What to produce:
Copy every record below exactly as written, but leave out the pictures.

Provided data:

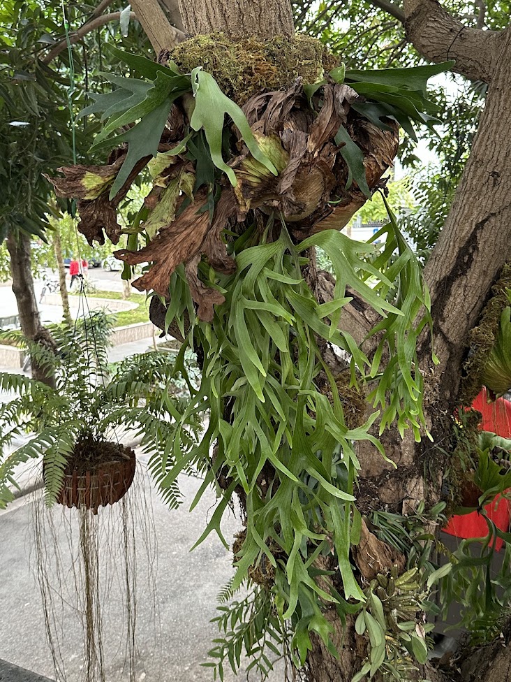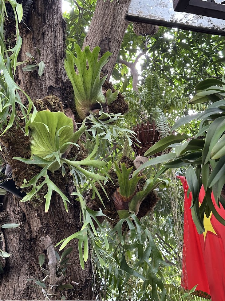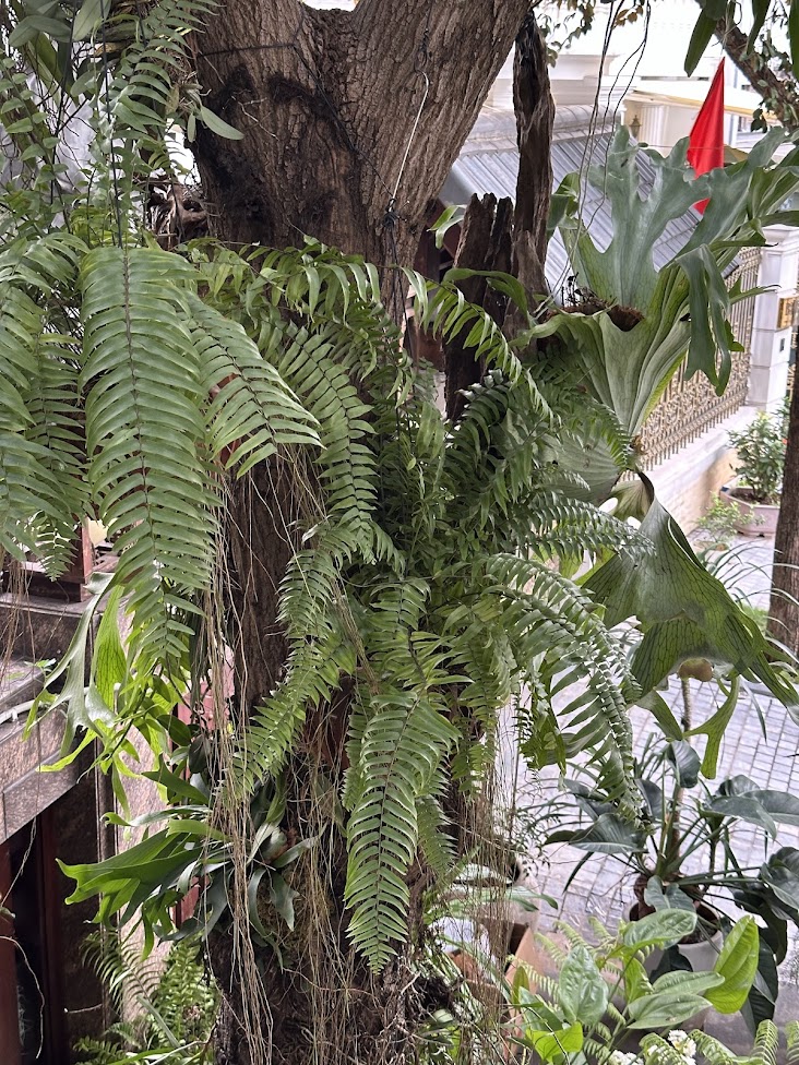 - Mô tả: Sân vườn decor ổ rồng gắn thân cây xoài là công trình cảnh quan xanh được Vườn Trong Nhà thực hiện với định hướng giữ nguyên và tôn vinh hai cây xoài cổ thụ trước hiên nhà. Hệ ổ rồng, lan và dương xỉ được bố trí bám thân tự nhiên, kết hợp Monstera Albo trồng dưới bồn cho leo thân, tạo nên một không gian sân vườn nhiệt đới độc bản, giàu chiều sâu và bền vững theo thời gian.
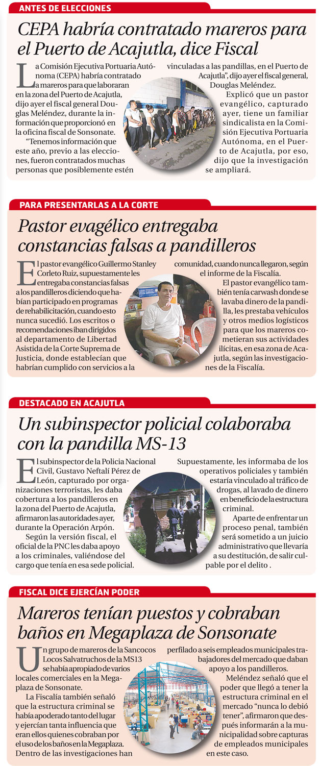 El fiscal general, Douglas Meléndez, destacó que también fue capturado el empleado administrativo de los juzgados de Sonsonate, Norberto Cortez Pérez, que se dedicaba a informar a “El Villano”, sobre las actuaciones de la Fiscalía y la policía. También fue detenido el sub inspector Gustavo Neftalí Pérez de León, destacado en la subdelegación policial de Acajutla, Sonsonate, por el delito de agrupaciones terroristas.
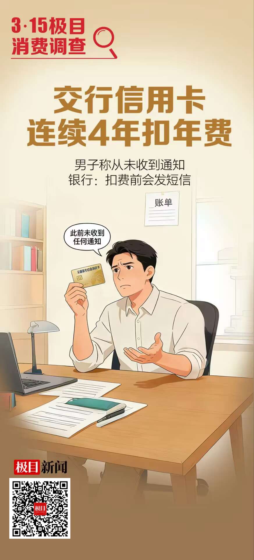 近日,来自吉林长春的李先生向极目新闻反映,2021年他办理了一张交通银行的信用卡,首年如业务员所说免除了1000元的年费,但从2022年开始至2025年,每年他在未收到短信、电话和邮件等任何形式通知的情况下被收取了4000元的年费,这让他感到难以理解。记者在投诉平台上搜索发现,有不少网友反映,自己曾遇到未收到银行信用卡年费通知而被扣费的情况。
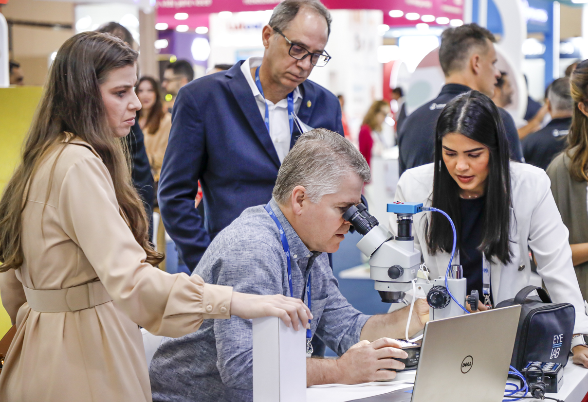 A Eye Lab, do oftalmologista Fabiano Brandão, também esteve no stand da Latinofarma. O simulador criado por Brandão, que permite treinar diferentes técnicas cirúrgicas, como catarata, transplante e vitrectomia, também surgiu da necessidade dele de treinar a habilidade fina para as cirurgias. “Há 18 anos, a ideia surgiu a partir da cartela de medicamento. Estava no metrô e tirei um comprimido da cartela e percebi que parecia uma córnea e o medicamento, uma catarata. Cheguei em casa e comecei a treinar e fui evoluindo até achegar ao simulador”, diz Brandão. “Esse tipo de treinamento é importante para adquirir a destreza necessária para a cirurgia e para que quando for operar o paciente já esteja com o nível de treinamento suficiente para fazê-lo com segurança”.
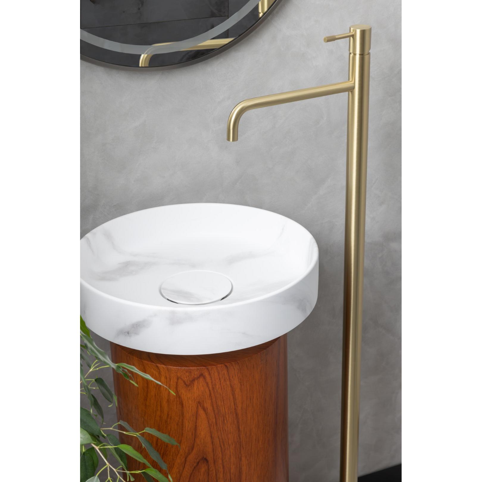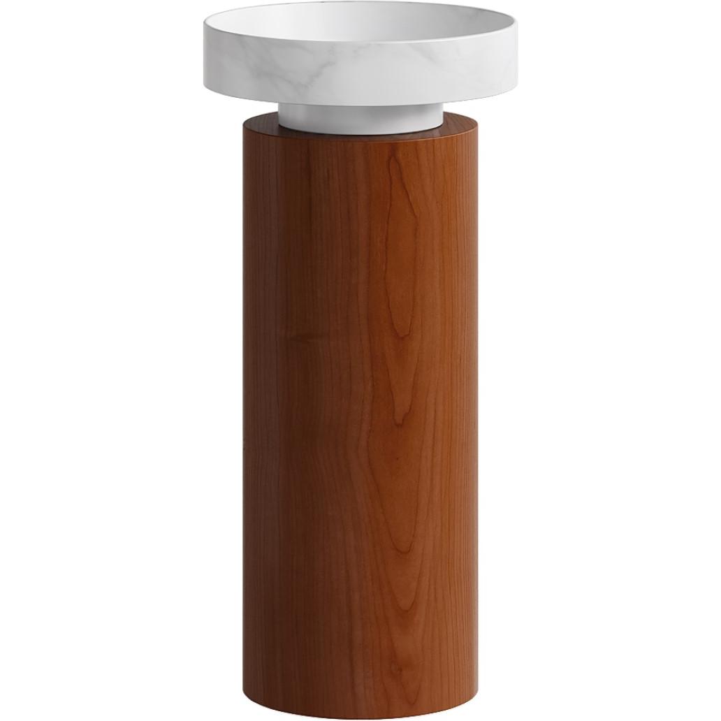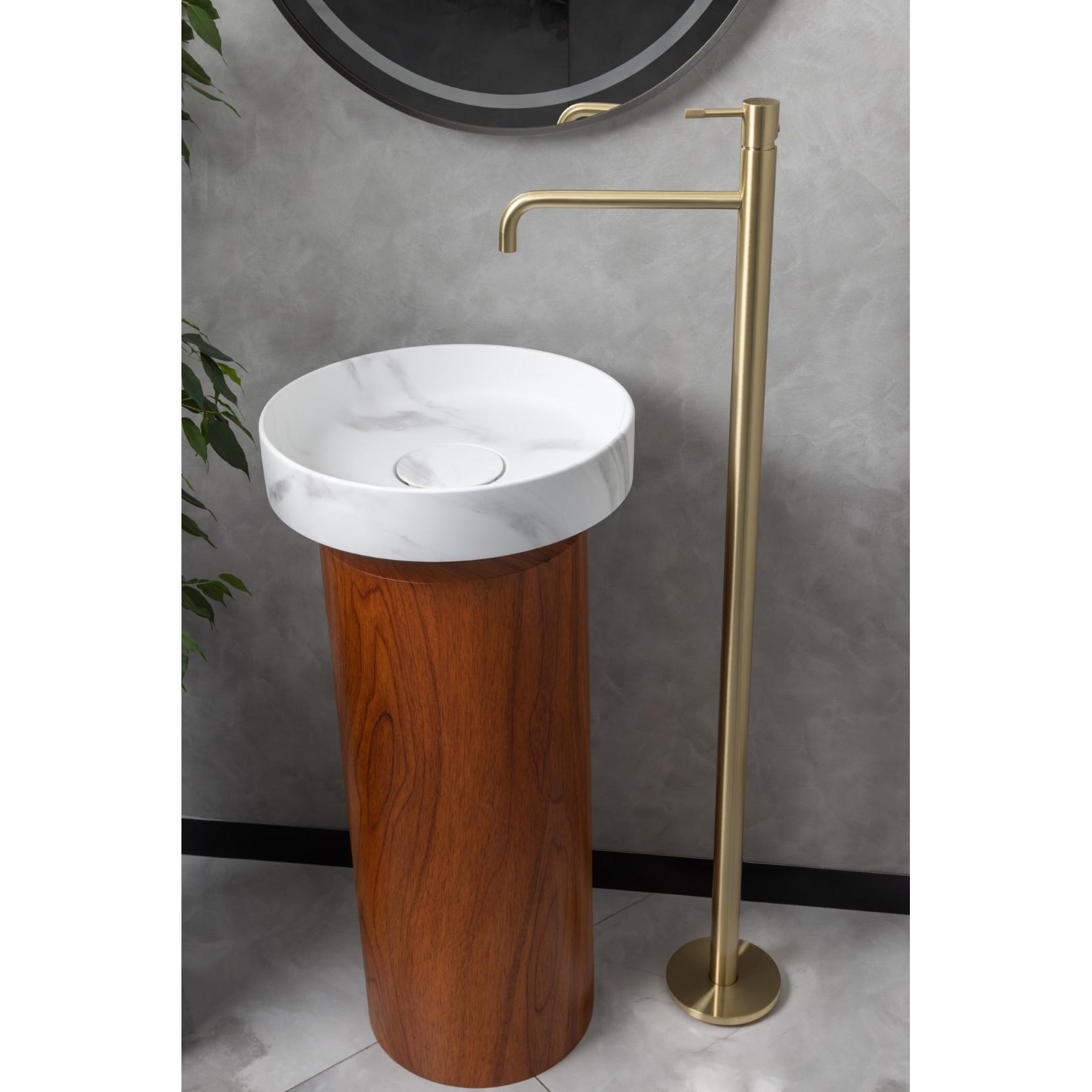Раковина накладная Boheme Sole Corian 400*130 Calacatta с пьедесталом Corian 300*720 Red Wood
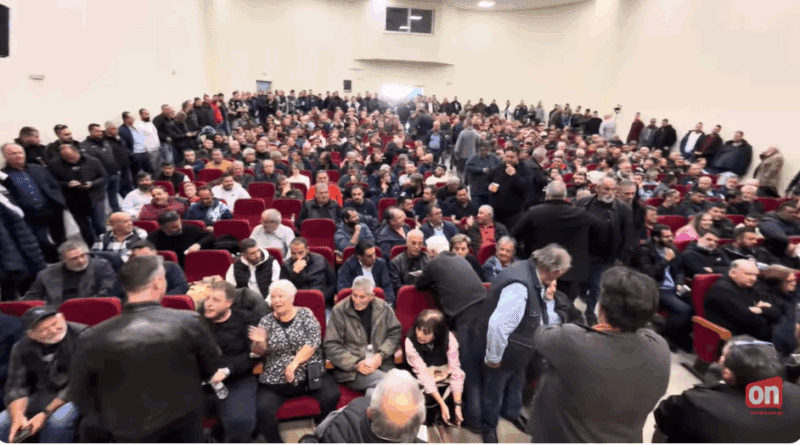 Η προσέλευση ήταν μαζική με την αίθουσα να γεμίζει, με δεκάδες να παρακολουθούν όρθιοι, ενώ πολλοί ακόμη παρέμειναν εκτός κτηρίου, ακούγοντας τις τοποθετήσεις από τη μεγαφωνική εγκατάσταση που είχε στηθεί.

Answer to this task:
 - Mô tả: Sân vườn decor ổ rồng gắn thân cây xoài là công trình cảnh quan xanh được Vườn Trong Nhà thực hiện với định hướng giữ nguyên và tôn vinh hai cây xoài cổ thụ trước hiên nhà. Hệ ổ rồng, lan và dương xỉ được bố trí bám thân tự nhiên, kết hợp Monstera Albo trồng dưới bồn cho leo thân, tạo nên một không gian sân vườn nhiệt đới độc bản, giàu chiều sâu và bền vững theo thời gian.
 El fiscal general, Douglas Meléndez, destacó que también fue capturado el empleado administrativo de los juzgados de Sonsonate, Norberto Cortez Pérez, que se dedicaba a informar a “El Villano”, sobre las actuaciones de la Fiscalía y la policía. También fue detenido el sub inspector Gustavo Neftalí Pérez de León, destacado en la subdelegación policial de Acajutla, Sonsonate, por el delito de agrupaciones terroristas.
 近日,来自吉林长春的李先生向极目新闻反映,2021年他办理了一张交通银行的信用卡,首年如业务员所说免除了1000元的年费,但从2022年开始至2025年,每年他在未收到短信、电话和邮件等任何形式通知的情况下被收取了4000元的年费,这让他感到难以理解。记者在投诉平台上搜索发现,有不少网友反映,自己曾遇到未收到银行信用卡年费通知而被扣费的情况。
 A Eye Lab, do oftalmologista Fabiano Brandão, também esteve no stand da Latinofarma. O simulador criado por Brandão, que permite treinar diferentes técnicas cirúrgicas, como catarata, transplante e vitrectomia, também surgiu da necessidade dele de treinar a habilidade fina para as cirurgias. “Há 18 anos, a ideia surgiu a partir da cartela de medicamento. Estava no metrô e tirei um comprimido da cartela e percebi que parecia uma córnea e o medicamento, uma catarata. Cheguei em casa e comecei a treinar e fui evoluindo até achegar ao simulador”, diz Brandão. “Esse tipo de treinamento é importante para adquirir a destreza necessária para a cirurgia e para que quando for operar o paciente já esteja com o nível de treinamento suficiente para fazê-lo com segurança”.
Раковина накладная Boheme Sole Corian 400*130 Calacatta с пьедесталом Corian 300*720 Red Wood
 Η προσέλευση ήταν μαζική με την αίθουσα να γεμίζει, με δεκάδες να παρακολουθούν όρθιοι, ενώ πολλοί ακόμη παρέμειναν εκτός κτηρίου, ακούγοντας τις τοποθετήσεις από τη μεγαφωνική εγκατάσταση που είχε στηθεί.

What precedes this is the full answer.